Teruko Nishioka^*, Kazuhiro Aoki^*, Kazuhiro Hikake^*, Hisayoshi Yoshizaki, Etsuko Kiyokawa^*, and Michiyuki Matsuda^*

*Laboratory of Bioimaging and Cell Signaling, Graduate School of Biostudies, Kyoto University, Kyoto 606-8501, Japan; and Department of Structural Analysis, National Cardiovascular Center Research Institute, Suita, Osaka 565-8565, Japan

Submitted March 25, 2008; Revised July 14, 2008; Accepted July 29, 2008
Monitoring Editor: Mark H. Ginsberg

InCytes from MBC

Phosphoinositides (PtdInss) play key roles in cell polarization and motility. With a series of biosensors based on Förster resonance energy transfer, we examined the distribution and metabolism of PtdInss and diacylglycerol (DAG) in stochastically migrating Madin-Darby canine kidney (MDCK) cells. The concentrations of phosphatidylinositol (4,5)-bisphosphate, phosphatidylinositol (3,4,5)-trisphosphate (PIP₃), phosphatidylinositol (3,4)-bisphosphate, and DAG were higher at the plasma membrane in the front of the cell than at the plasma membrane of the rear of the cell. The difference in the concentrations of PtdInss was estimated to be less than twofold between the front and rear of the migrating MDCK cells. To decode the spatial activities of PtdIns metabolic enzymes from the obtained concentration maps of PtdInss, we developed a one-dimensional reaction diffusion model of PtdIns metabolism. In this model, the activities of phosphatidylinositol monophosphate 5-kinase, phosphatidylinositol 3-kinase, phospholipase C, and PIP₃ 5-phosphatases were higher at the plasma membrane of the front than at the plasma membrane of the rear of the cell.

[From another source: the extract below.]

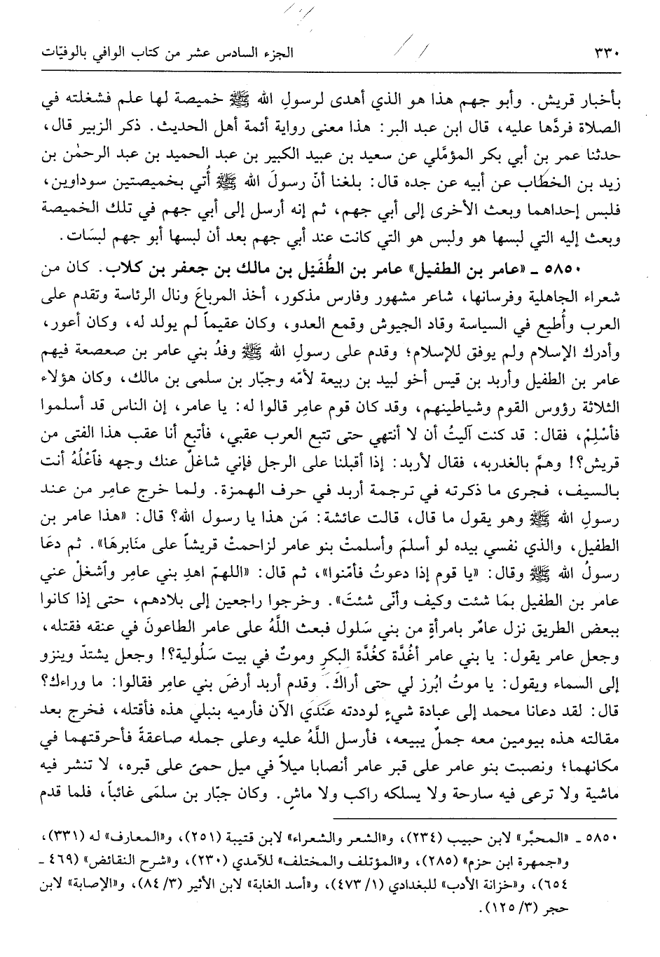 عَامر بن الطُّفَيْل بن مَالك بن جَعْفَر بن كلاب كَانَ من شعراء الْجَاهِلِيَّة وفرسانها شَاعِر مَشْهُور وَفَارِس مَذْكُور أَخذ المرباع ونال الرِّئَاسَة وَتقدم على الْعَرَب وَأطِيع فِي السياسة وقاد الجيوش وقمع الْعَدو وَكَانَ عقيماً لم يُولد لَهُ وَكَانَ أَعور وَأدْركَ الْإِسْلَام وَلم يوفق لِلْإِسْلَامِ وَقدم على رَسُول الله صلى الله عَلَيْهِ وَسلم وَفد بني عَامر بن صعصعة فيهم عَامر بن الطُّفَيْل وأربد بن قيس أَخُو لبيد بن ربيعَة لأمه وجبار بن سلمى بن مَالك وَكَانَ هَؤُلَاءِ الثَّلَاثَة رُؤُوس الْقَوْم وشياطينهم وَقد كَانَ قوم عَامر قَالُوا لَهُ يَا عَامر إِن النَّاس قد أَسْلمُوا فَأسلم فَقَالَ قد كنت آلَيْت أَن لَا أَنْتَهِي حَتَّى تتبع الْعَرَب عَقبي فأتبع أَنا عقب هَذَا الْفَتى من قُرَيْش وهم بالغدر بِهِ فَقَالَ لأربد إِذا أَقبلنَا على الرجل فَإِنِّي شاغل عَنْك وَجهه فَاعله أَنْت بِالسَّيْفِ فَجرى مَا ذكرته فِي تَرْجَمَة أَرْبَد فِي حرف الْهمزَة وَلما خرج عَامر من عِنْد رَسُول الله صلى الله)

This result suggests that, although the difference in the steady-state level of PtdInss is less than twofold, PtdInss were more rapidly turned over at the front than the rear of the migrating MDCK cells.

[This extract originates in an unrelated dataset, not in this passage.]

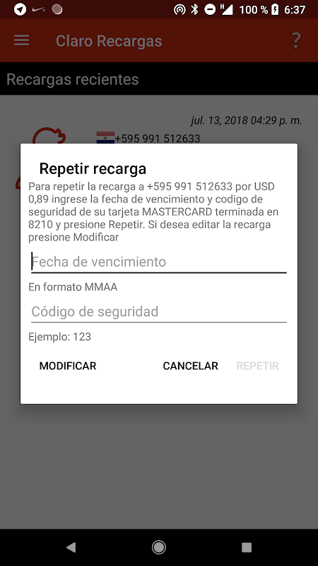 Además, puedes guardar tus teléfonos recargados y tarjeta de crédito o repetir las últimas recargas en un simple paso.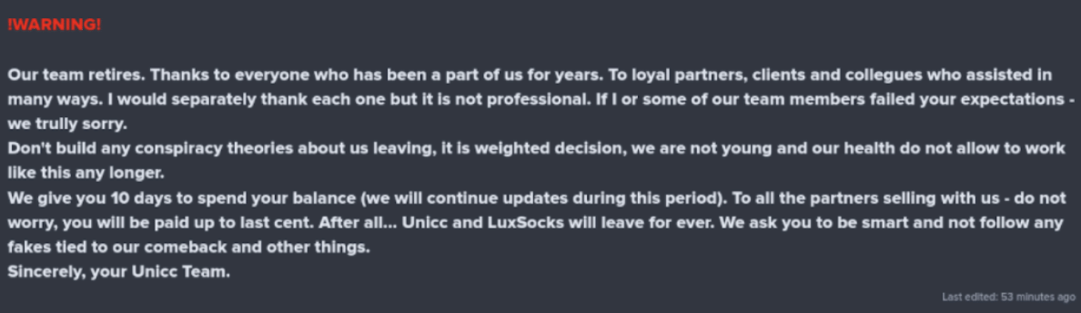 And so, after nearly a decade of being active, administrators have announced their “retirement” on a carding forum. The announcement is in both Russian and English.

Address correspondence to: Etsuko Kiyokawa (kiyokawa{at}lif.kyoto-u.ac.jp)

Abbreviations used: PtdInss, phosphoinositides; PI(4,5)P₂, phosphatidylinositol (4,5)-bisphosphate; PIP, phosphatidylinositol monophosphate; IP₃, inositol (1,4,5)-trisphosphate; DAG, diacylglycerol; PIP₃, phosphatidylinositol (3,4,5)-trisphosphate; PH, pleckstrin homology; GFP, green fluorescent protein; FRET, Förster resonance energy transfer; PI(3,4)P₂, phosphatidylinositol (3,4)-bisphosphate; Pippi, phosphatidylinositol phosphate indicator; PLC, phospholipase C; CFP, cyan fluorescent protein; YFP, yellow fluorescent protein; PDGF, platelet-derived growth factor; Digda, diacylglycerol indicator; OAG, 1-oleoyl-2-acetylglycerol; PI(4)P, phosphatidylinositol (4)-monophosphate; PAO, phenylarsine oxide; PI 4-kinase, phosphatidylinositol 4-kinase; FKBP, FK506-binding protein; 5ptase, phosphoinositide 5-phosphatase; FRB, fragment of mammalian target of rapamycin; PI3-kinase, phosphatidylinositol 3-kinase; PA, phosphatidic acid; PI(4)P 5-kinase, phosphatidylinositol (4)-monophosphate 5-kinase; PIP₂ 5-Pase, PIP₂ 5-phosphatase; PTEN, phosphatase and tensin homologue; PIP₃ 5-Pase, PIP₃ 5-phosphatase.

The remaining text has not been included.